Segment Start: Exercise materials

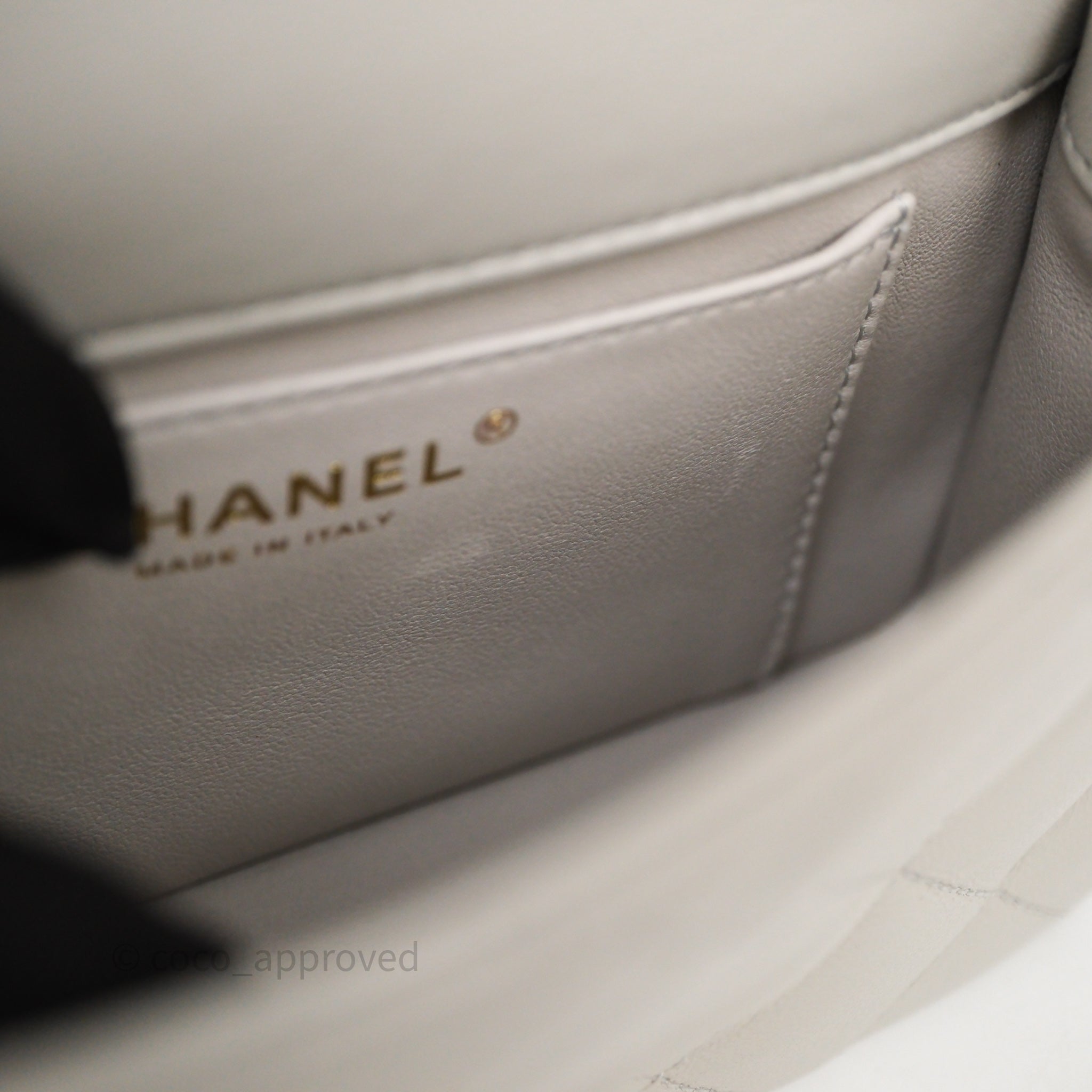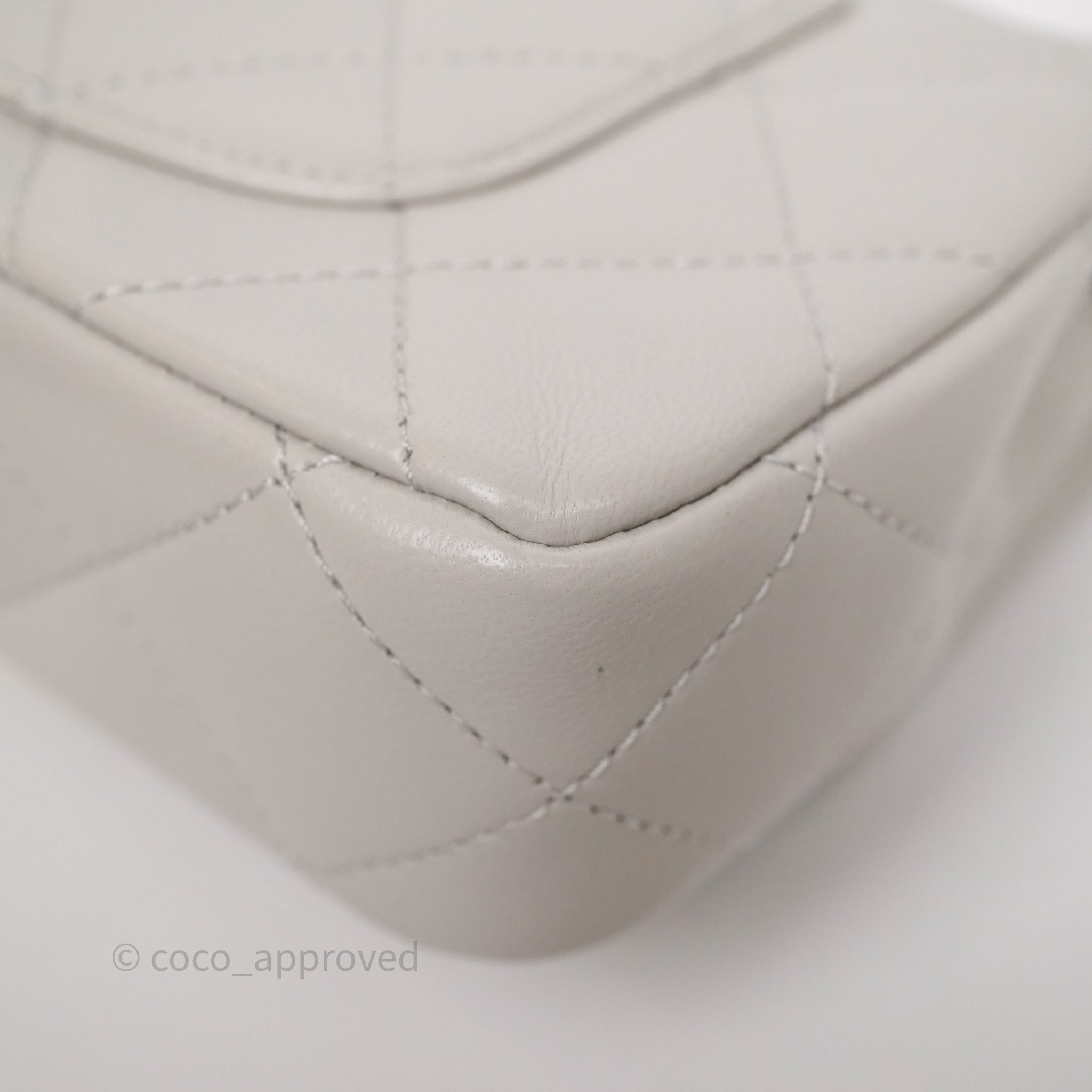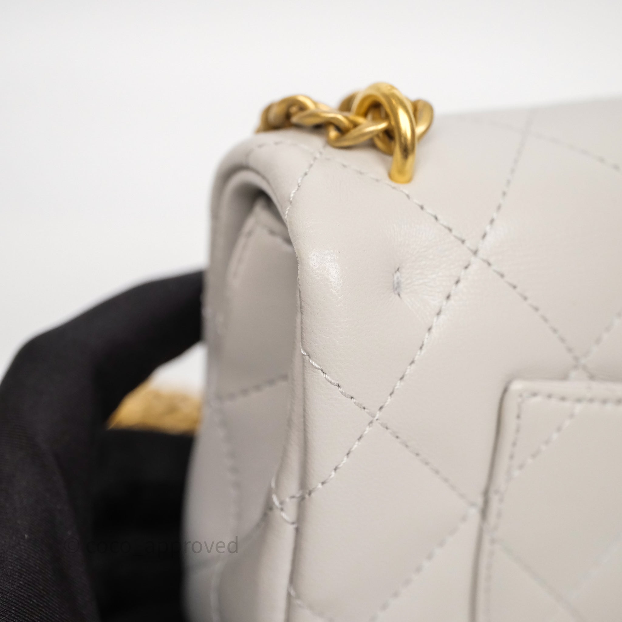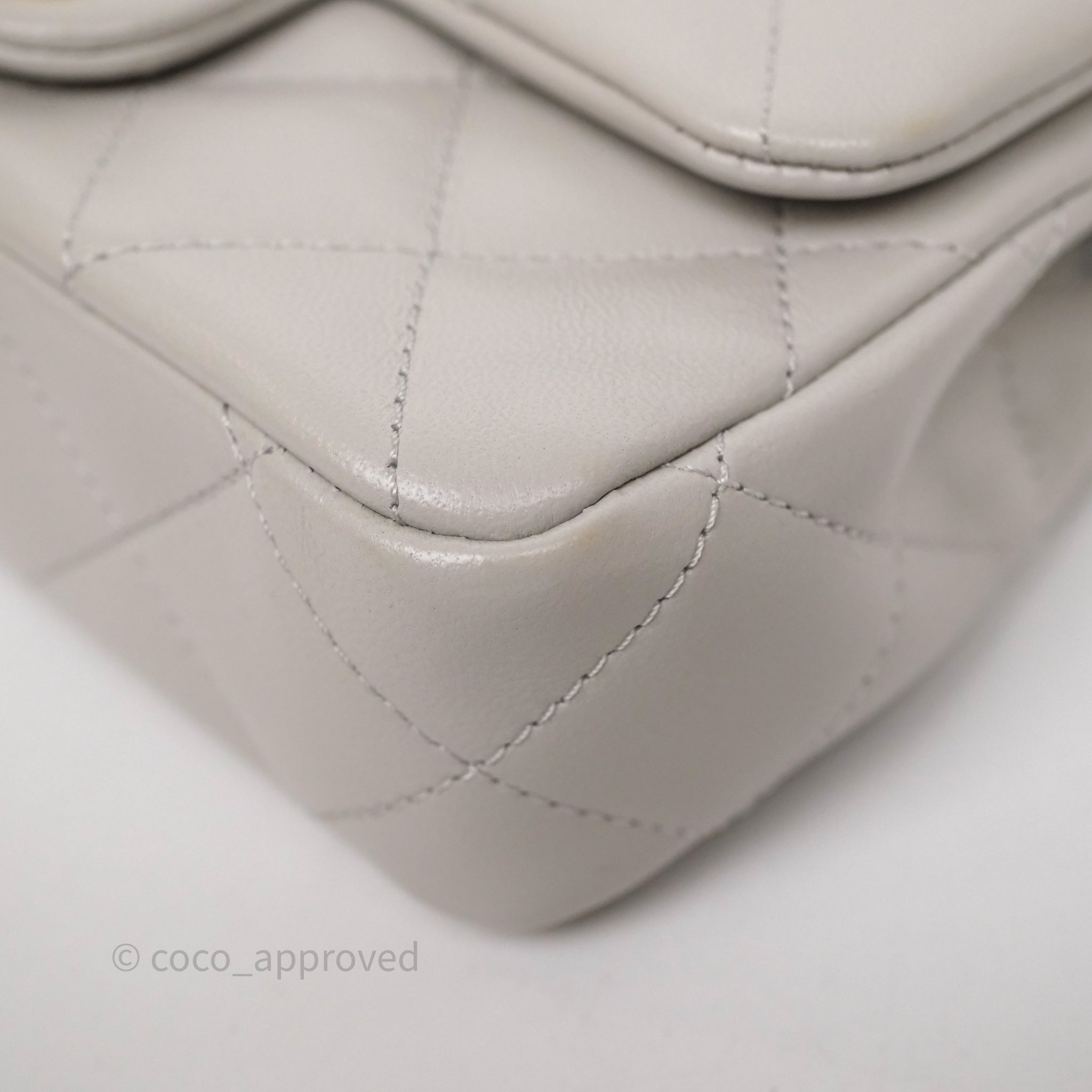 Chanel Heart Crush Mini Flap Bag Light Grey Lambskin Aged Gold Hardware 24P
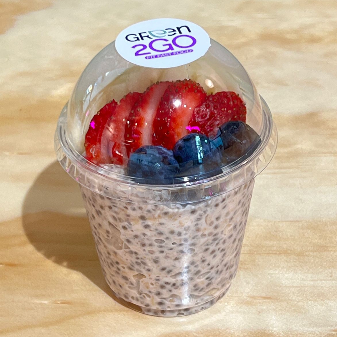 Avena con chia reposada en leche de almendras con fresa, platano, blueberries
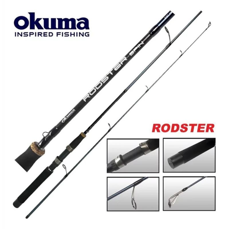 La caña Okuma Rodster presenta la tecnología Ultimate Flex Reinforced (UFR) con punta de la caña que es más liviana que las varillas UFR clásicas, junto con una sólida construcción de composite y blank de grafito, mango EVA completo con anillo de goma de corcho.
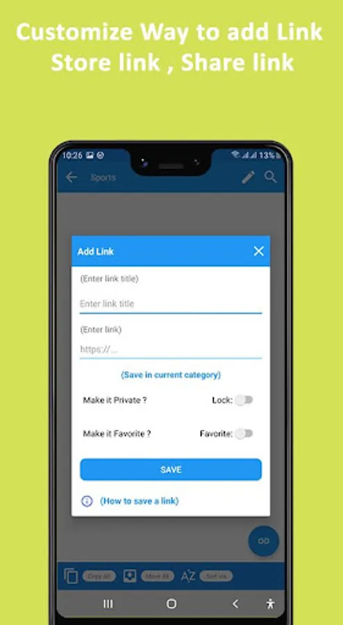 Simply save bookmarks of any link or text to the web pages and it will either store it immediately or ask you to organize and tag the text or link, depending on how you defined it. Some time you use some web page but latter you forgot them after some time if you want to again use them, So this problem is solve in this app. Simply save the link and without wasting time by one click you can reach the desire sites. You can also copy links anywhere on your phone and it will automatically ask you to save the link or text and organize it in the category you want
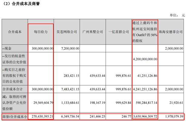 其中,通過上虞碼牛和杭州逗寶間接持有Outfit7的56%的股權(quán)收購價高達(dá)42.41億元,合并形成商譽(yù)約36.5億。
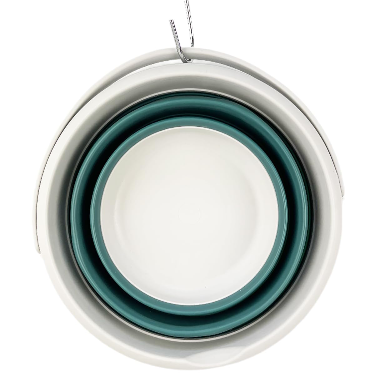 SAMMART Collapsible Plastic Bucket - Foldable Round Tub with Handle - Pop Up Saving (Mist Blue+Jade Crystal (Set of 2), 5.5L)
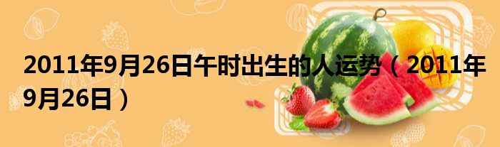 大家好,小豆豆来为大家解答以上的问题。2011年9月26日午时出生的人运势,2011年9月26日这个很多人还不知道,现在让我们一起来看看吧!

Segment End: Exercise materials

* _Required work_
Leaving the images behind, set down every entry word for word.

* _Problem solution_
 Chanel Heart Crush Mini Flap Bag Light Grey Lambskin Aged Gold Hardware 24P
 Avena con chia reposada en leche de almendras con fresa, platano, blueberries
 La caña Okuma Rodster presenta la tecnología Ultimate Flex Reinforced (UFR) con punta de la caña que es más liviana que las varillas UFR clásicas, junto con una sólida construcción de composite y blank de grafito, mango EVA completo con anillo de goma de corcho.
 Simply save bookmarks of any link or text to the web pages and it will either store it immediately or ask you to organize and tag the text or link, depending on how you defined it. Some time you use some web page but latter you forgot them after some time if you want to again use them, So this problem is solve in this app. Simply save the link and without wasting time by one click you can reach the desire sites. You can also copy links anywhere on your phone and it will automatically ask you to save the link or text and organize it in the category you want
 其中,通過上虞碼牛和杭州逗寶間接持有Outfit7的56%的股權(quán)收購價高達(dá)42.41億元,合并形成商譽(yù)約36.5億。
 SAMMART Collapsible Plastic Bucket - Foldable Round Tub with Handle - Pop Up Saving (Mist Blue+Jade Crystal (Set of 2), 5.5L)
 大家好,小豆豆来为大家解答以上的问题。2011年9月26日午时出生的人运势,2011年9月26日这个很多人还不知道,现在让我们一起来看看吧!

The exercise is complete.